:: Records from a collection ::
● ● ● ● ● ● ●
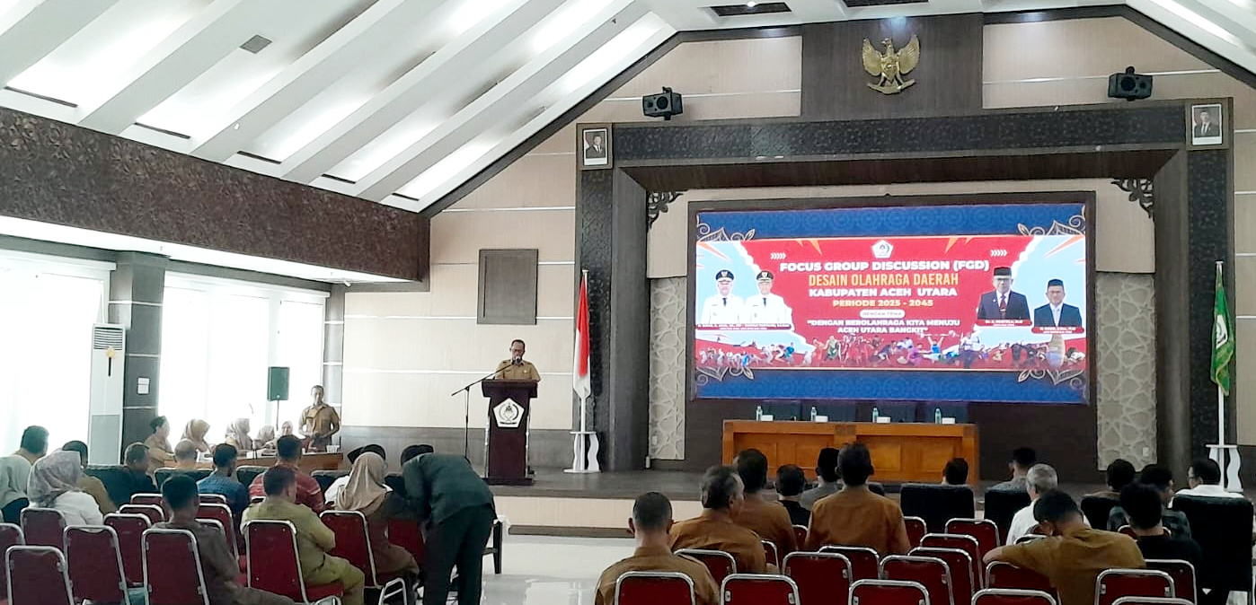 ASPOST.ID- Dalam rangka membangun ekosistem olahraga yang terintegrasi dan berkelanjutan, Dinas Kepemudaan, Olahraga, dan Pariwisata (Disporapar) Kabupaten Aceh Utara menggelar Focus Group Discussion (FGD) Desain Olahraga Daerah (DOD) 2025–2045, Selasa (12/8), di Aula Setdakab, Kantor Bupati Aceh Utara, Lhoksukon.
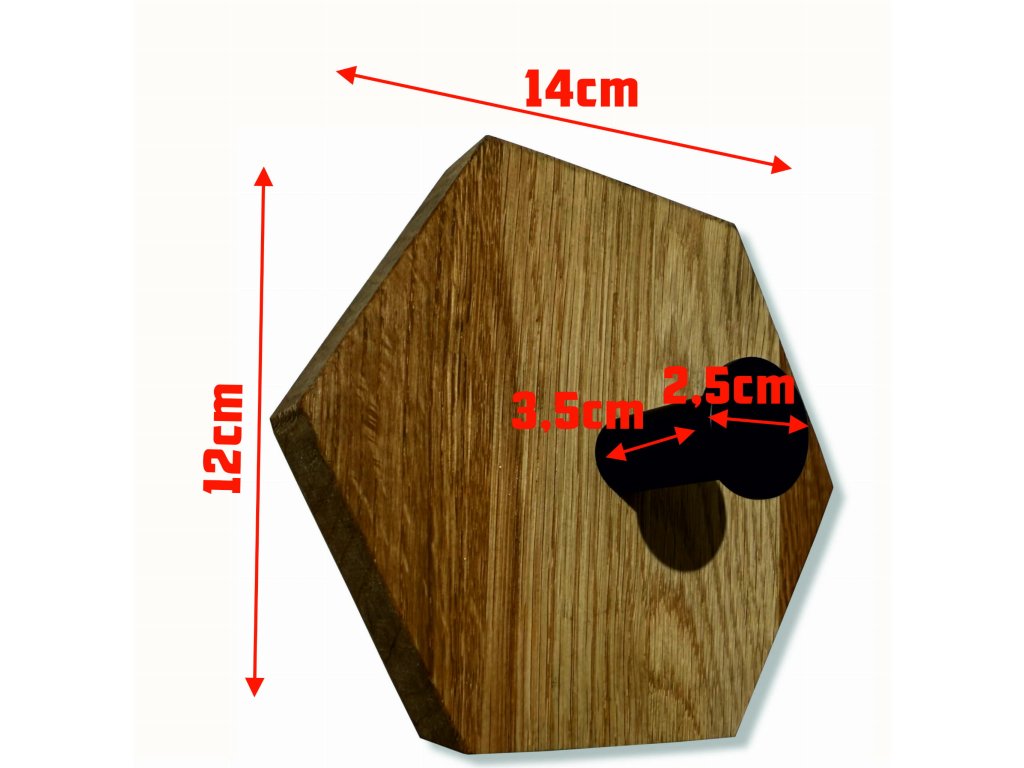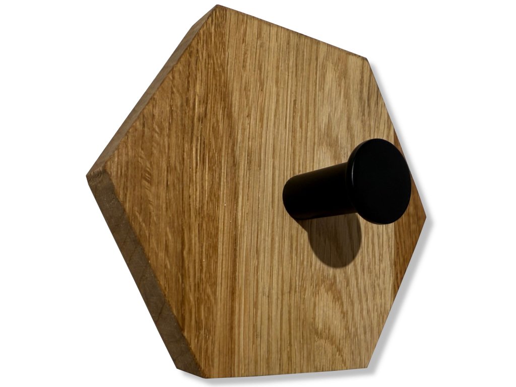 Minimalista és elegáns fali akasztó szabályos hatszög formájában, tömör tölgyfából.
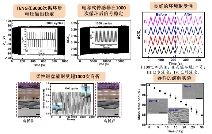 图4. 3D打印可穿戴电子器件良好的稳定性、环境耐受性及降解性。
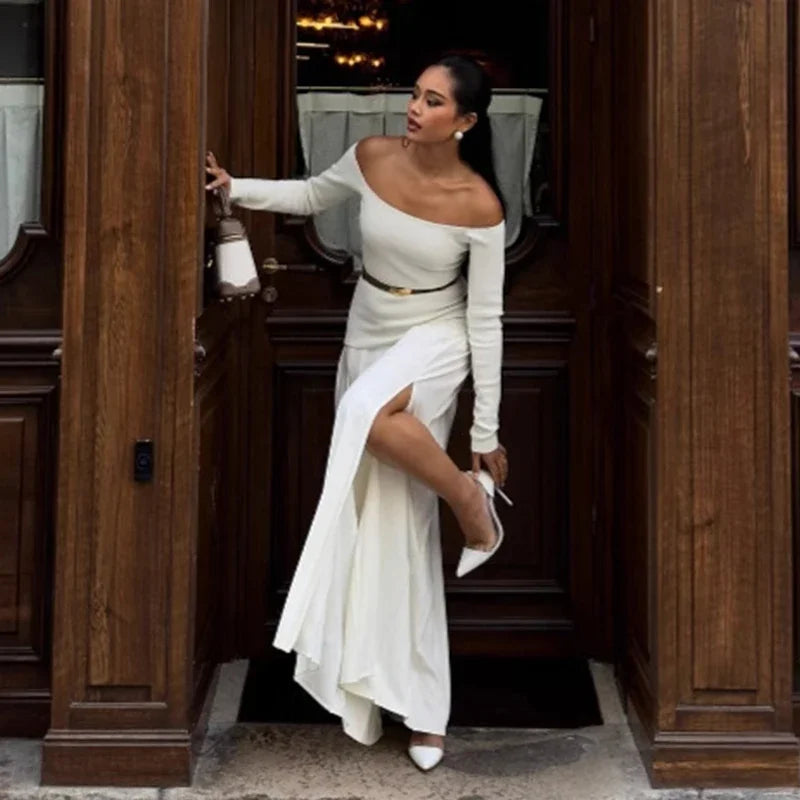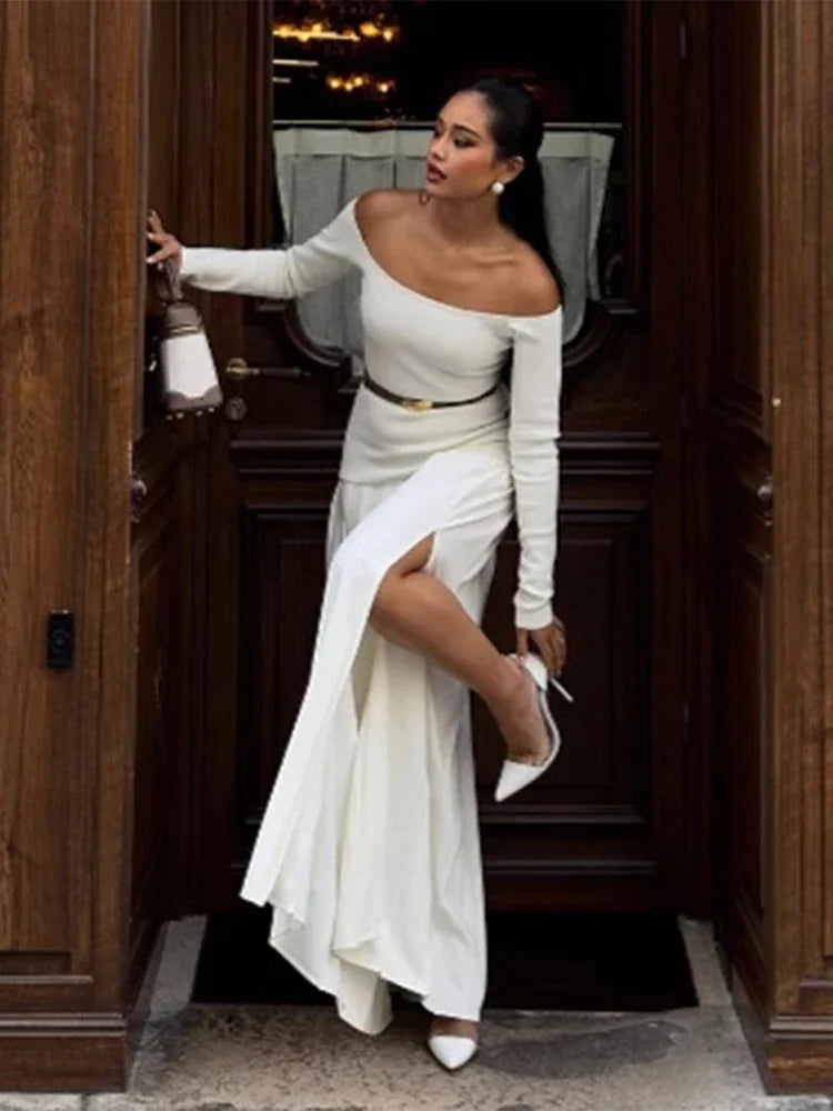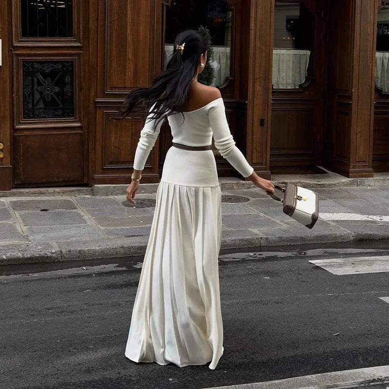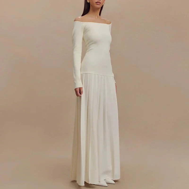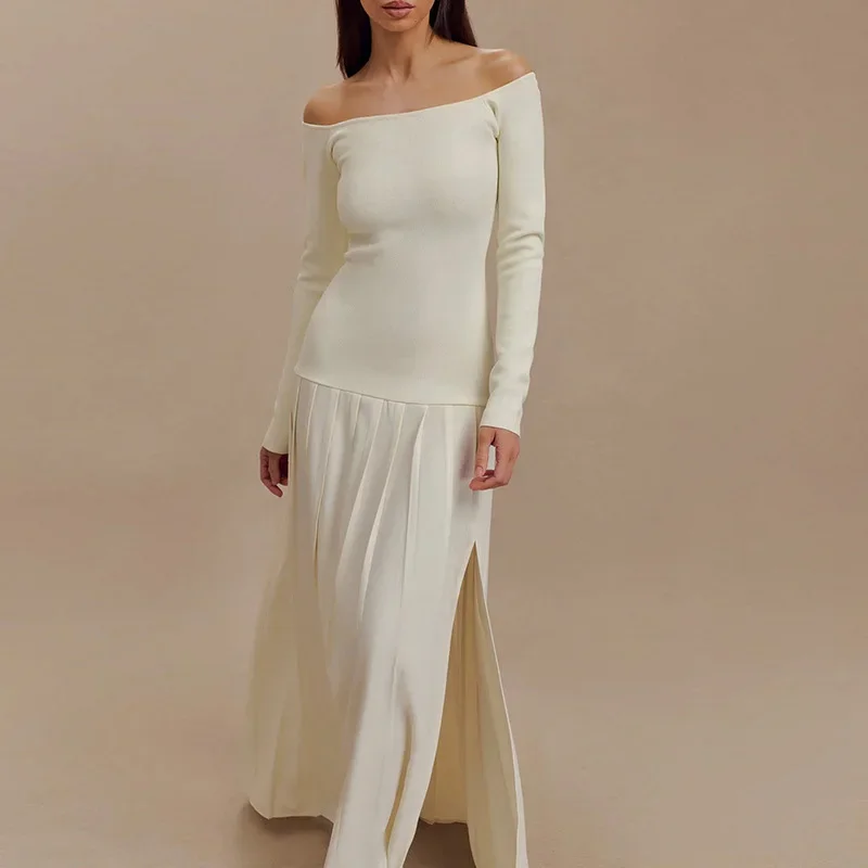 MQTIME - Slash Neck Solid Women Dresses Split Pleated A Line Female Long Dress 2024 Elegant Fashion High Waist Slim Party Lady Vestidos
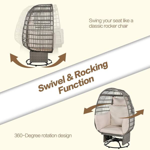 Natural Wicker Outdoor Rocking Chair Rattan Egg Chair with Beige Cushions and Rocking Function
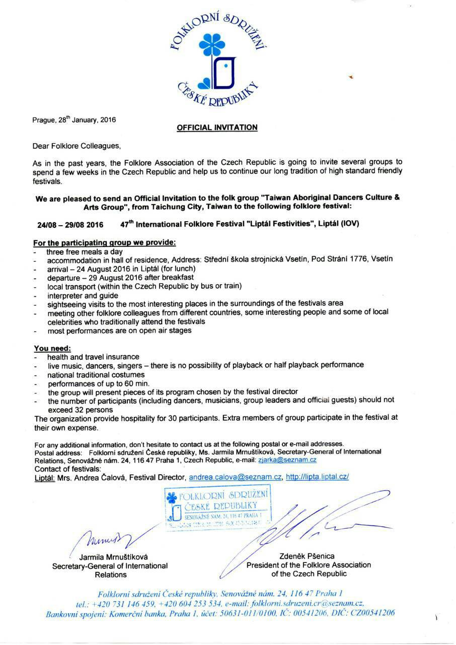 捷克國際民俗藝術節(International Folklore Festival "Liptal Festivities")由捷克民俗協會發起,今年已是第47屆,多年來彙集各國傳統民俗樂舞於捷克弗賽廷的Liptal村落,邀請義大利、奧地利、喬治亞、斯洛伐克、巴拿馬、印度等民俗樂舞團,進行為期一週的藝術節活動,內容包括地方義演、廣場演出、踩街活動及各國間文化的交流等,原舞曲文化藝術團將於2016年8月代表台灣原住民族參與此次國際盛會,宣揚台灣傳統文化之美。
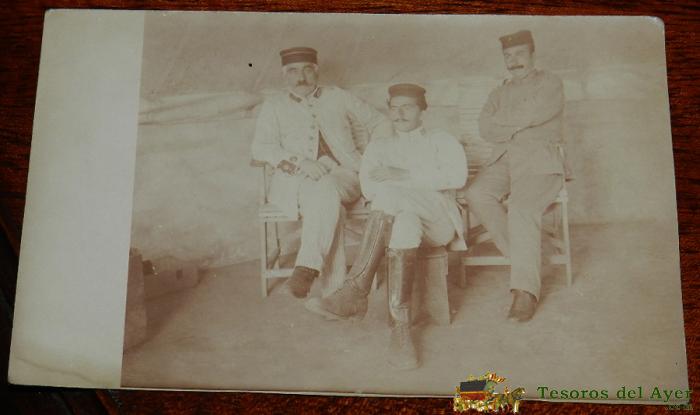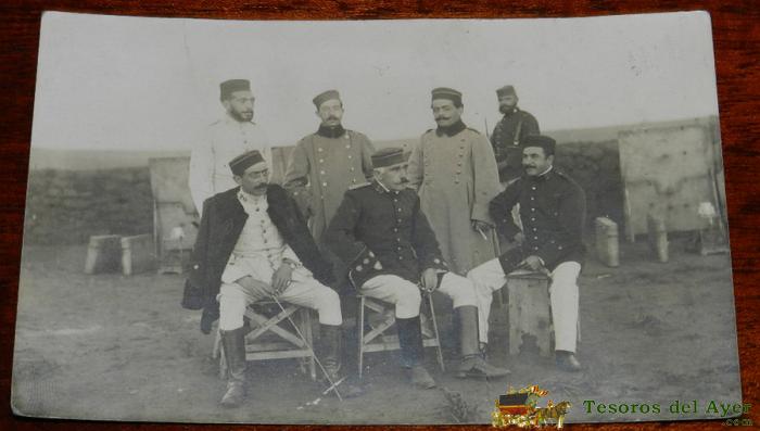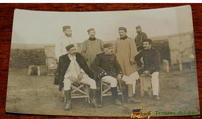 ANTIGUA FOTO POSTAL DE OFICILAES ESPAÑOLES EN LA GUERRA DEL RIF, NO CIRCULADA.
● ● ● ● ● ● ●
:: TASK STATEMENT ::
Output the line that contains "Minimalista és elegáns" and every subsequent line through the end of the entries, exactly as given, without pictures.

:: RESPONSE ::
 Minimalista és elegáns fali akasztó szabályos hatszög formájában, tömör tölgyfából.
 图4. 3D打印可穿戴电子器件良好的稳定性、环境耐受性及降解性。
 MQTIME - Slash Neck Solid Women Dresses Split Pleated A Line Female Long Dress 2024 Elegant Fashion High Waist Slim Party Lady Vestidos
 Natural Wicker Outdoor Rocking Chair Rattan Egg Chair with Beige Cushions and Rocking Function
 捷克國際民俗藝術節(International Folklore Festival "Liptal Festivities")由捷克民俗協會發起,今年已是第47屆,多年來彙集各國傳統民俗樂舞於捷克弗賽廷的Liptal村落,邀請義大利、奧地利、喬治亞、斯洛伐克、巴拿馬、印度等民俗樂舞團,進行為期一週的藝術節活動,內容包括地方義演、廣場演出、踩街活動及各國間文化的交流等,原舞曲文化藝術團將於2016年8月代表台灣原住民族參與此次國際盛會,宣揚台灣傳統文化之美。
 ANTIGUA FOTO POSTAL DE OFICILAES ESPAÑOLES EN LA GUERRA DEL RIF, NO CIRCULADA.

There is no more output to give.